Archive for June, 2010

What can be done for leg length inequality (LLI) or leg length discrepancy?

Thursday, June 24th, 2010

The difference in the length of any limb, upper or lower, is called limb-length discrepancy (LLD) or, depending on your author, limb length inequality (LLI). Usually, upper limb LLD causes few problems, unless the discrepancy is really significant and leads to subsequent changes in arm function. I will, therefore, focus on LLD in the legs. For ease of reference and, as it is often seen this way, LLD will be used to mean leg-length discrepancy.

Overview
LLD is typically divided into two broad categories:

1. Structural discrepancies. These occur when either the thigh (femur) or shin (tibia) bone or both bones in one leg are different lengths to the corresponding bones in the other leg. Small discrepancies between the length of bones on each side of the body are common; the problem occurs when the difference in length is more pronounced (usually .5 to 1 inch difference is considered within normal limits). A structural LLD also is called a true leg length discrepancy and is considered a true discrepancy because the cause is an actual physical length difference in the lower extremity bones. Structural LLD is usually as a result of genetic conditions, nutritional deficiency or traumatic cause such as fracture or disease loss of bone. A fuller guide is shown below:

a. Previous injury to bone. A broken bone can cause an LLD if the bone heals in a shortened position. This typically occurs if the bone fractures into several shards and is more likely in an open fracture. Remarkably, broken bones in children can lead to overgrowth of bone few years after healing, resulting in a longer than normal bone. Overgrowth commonly occurs in young children with femoral fractures. However, if the break runs through the growth centre near the end of a bone and damages the cells responsible for growth of the bone, this may cause slower growth, resulting in a shorter leg.

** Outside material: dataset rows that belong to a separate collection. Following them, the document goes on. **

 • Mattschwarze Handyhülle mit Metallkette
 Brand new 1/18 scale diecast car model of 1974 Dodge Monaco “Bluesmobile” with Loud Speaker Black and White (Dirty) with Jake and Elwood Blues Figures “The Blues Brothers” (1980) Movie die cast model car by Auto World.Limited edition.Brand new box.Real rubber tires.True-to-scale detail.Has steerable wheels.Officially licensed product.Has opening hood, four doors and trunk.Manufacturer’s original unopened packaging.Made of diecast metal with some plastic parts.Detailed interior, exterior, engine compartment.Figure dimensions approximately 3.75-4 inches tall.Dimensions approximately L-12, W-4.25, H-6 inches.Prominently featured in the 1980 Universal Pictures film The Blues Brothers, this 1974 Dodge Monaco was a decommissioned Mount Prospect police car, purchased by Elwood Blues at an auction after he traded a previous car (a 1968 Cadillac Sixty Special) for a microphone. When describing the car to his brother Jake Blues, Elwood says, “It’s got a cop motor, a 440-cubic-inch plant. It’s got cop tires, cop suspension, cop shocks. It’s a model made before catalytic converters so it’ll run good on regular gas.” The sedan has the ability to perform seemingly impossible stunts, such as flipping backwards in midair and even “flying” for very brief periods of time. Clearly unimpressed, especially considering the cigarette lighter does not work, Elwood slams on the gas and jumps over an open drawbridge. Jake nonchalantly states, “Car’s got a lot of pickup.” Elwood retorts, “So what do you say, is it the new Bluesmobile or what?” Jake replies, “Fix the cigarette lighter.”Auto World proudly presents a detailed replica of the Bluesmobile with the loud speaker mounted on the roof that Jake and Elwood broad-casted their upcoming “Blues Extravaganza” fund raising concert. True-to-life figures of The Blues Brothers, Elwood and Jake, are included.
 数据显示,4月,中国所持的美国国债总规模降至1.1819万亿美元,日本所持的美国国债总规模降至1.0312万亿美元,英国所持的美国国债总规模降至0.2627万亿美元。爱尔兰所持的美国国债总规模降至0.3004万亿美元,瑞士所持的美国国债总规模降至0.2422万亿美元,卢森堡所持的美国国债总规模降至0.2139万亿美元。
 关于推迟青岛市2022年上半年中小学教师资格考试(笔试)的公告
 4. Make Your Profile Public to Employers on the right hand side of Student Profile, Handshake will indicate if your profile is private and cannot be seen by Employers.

b. Bone diseases. Bone disease such as osteomyelitis, can also injure the growth plate, where growth in length occurs, so that a discrepancy occurs gradually over time. Others include neurofibromatosis, multiple hereditary exostoses and Ollier disease. Bone tumours and the treatments designed to eradicate them can also be related to leg length discrepancy. Tumours, like an infection, can invade the growth plate and treatments, like chemotherapy, can also damage the plate.

c. Bone infection. Bone can occur in children while they are growing can cause significant LLD, especially if the infection happens in infancy. Inflammation of joints during growth, such as juvenile arthritis, can cause LLD.

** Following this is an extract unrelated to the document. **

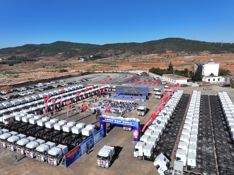 1月16日,中国西南“氢走廊”贯通仪式暨氢通富源风光制加氢一体化项目300辆氢能重卡发车运营仪式在云
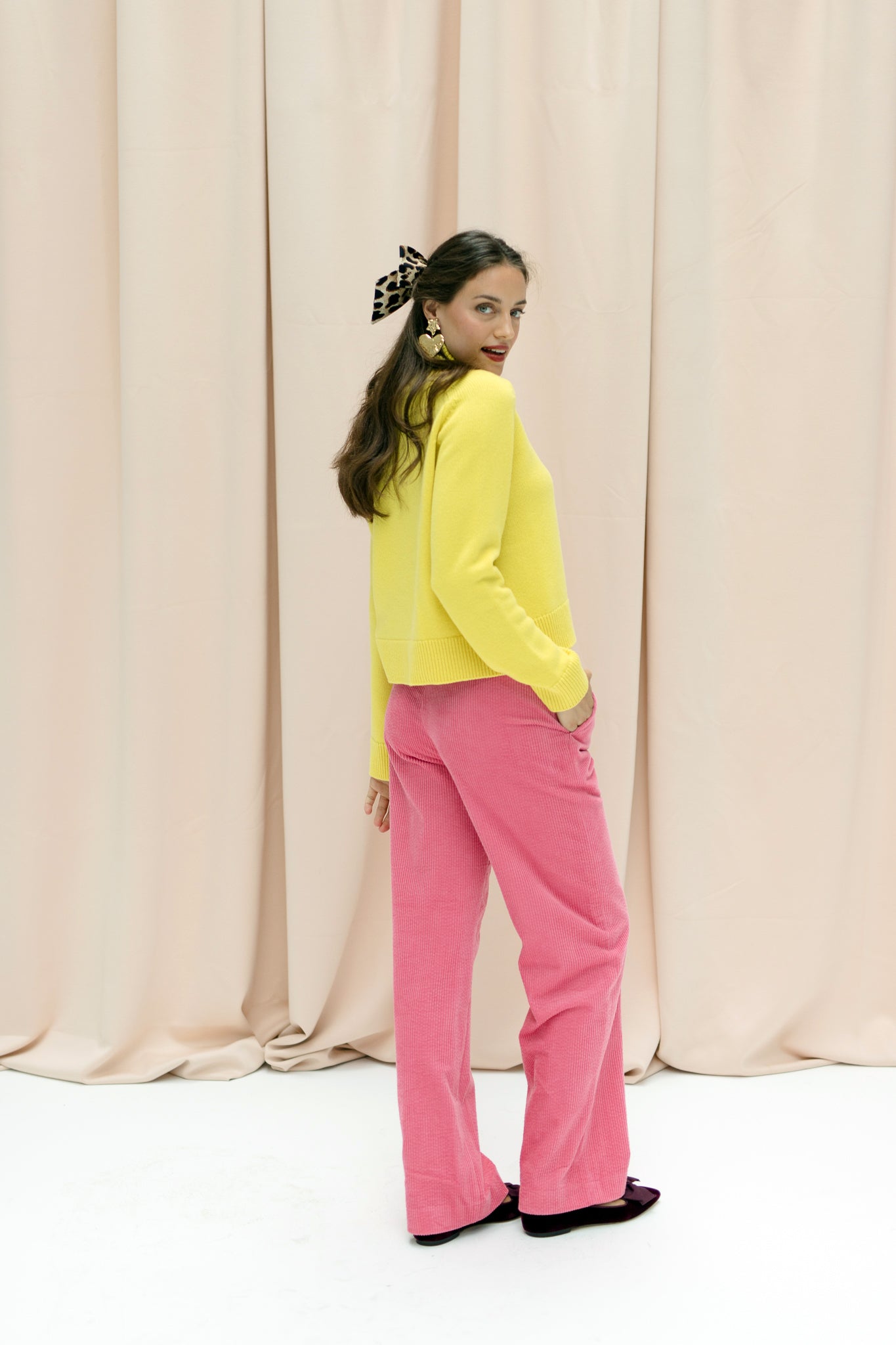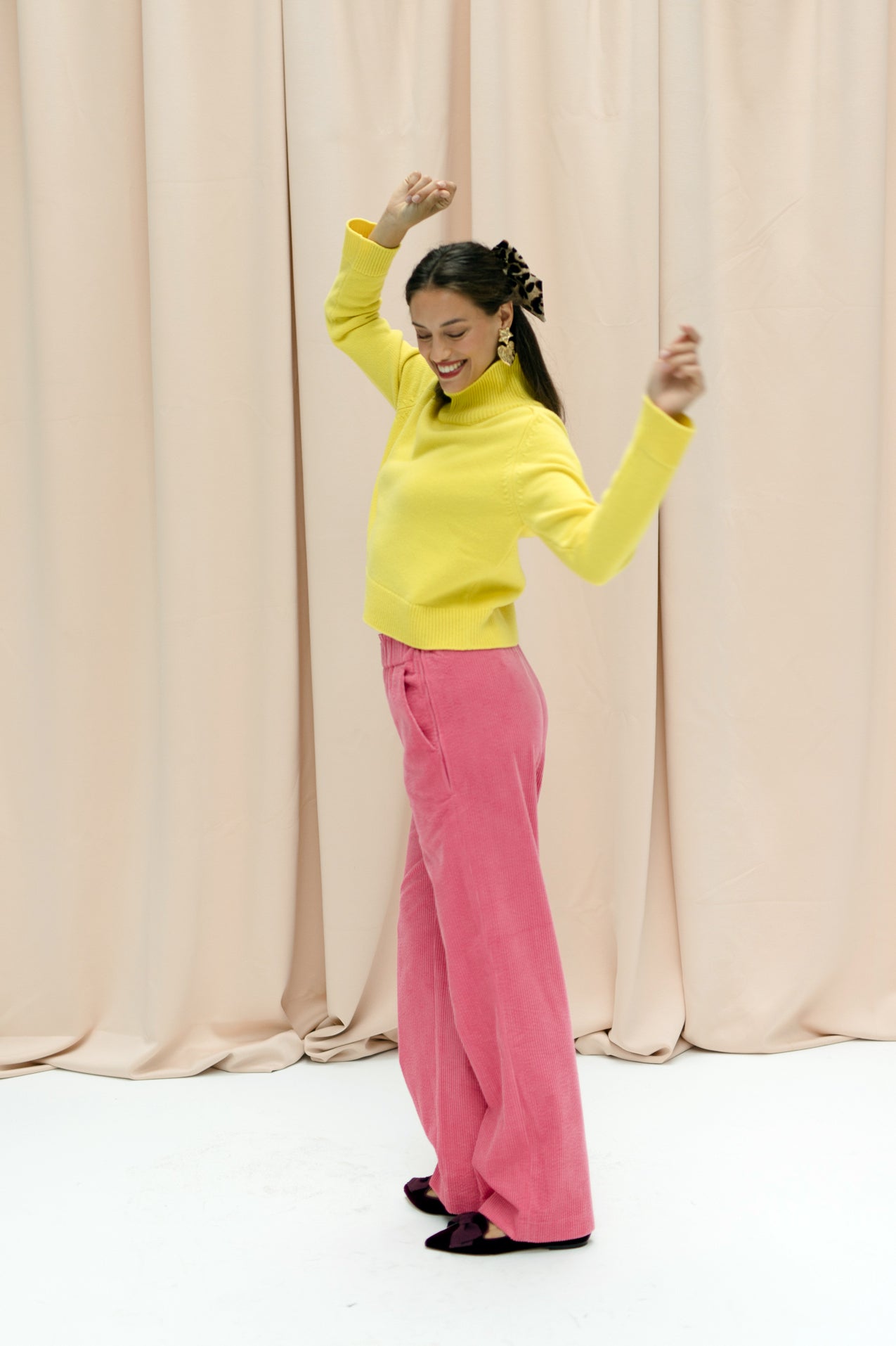 Here it is, the first CONSCHES pants. AVA has a straight slightly flared leg, a zip on the side and an elastic in the waistband with a paperbag look. This makes them comfortable to wear and pull on.

d. Hemihypertrophy (one side too big) or hemiatrophy (one side too small) are rare limb length discrepancy conditions. In these conditions, the arm and leg on one side of the body are either longer or shorter than the arm and leg on the other side of the body. There may also be a difference between the two sides of the face.

e. Other causes. Other causes include inflammation (arthritis) and neurologic conditions.

f. Idiopathic difference. Sometimes the cause of limb length discrepancy is unknown. These conditions are usually present at birth, but the leg length difference may be too small to be detected. As the child grows, the limb length discrepancy increases and becomes more noticeable.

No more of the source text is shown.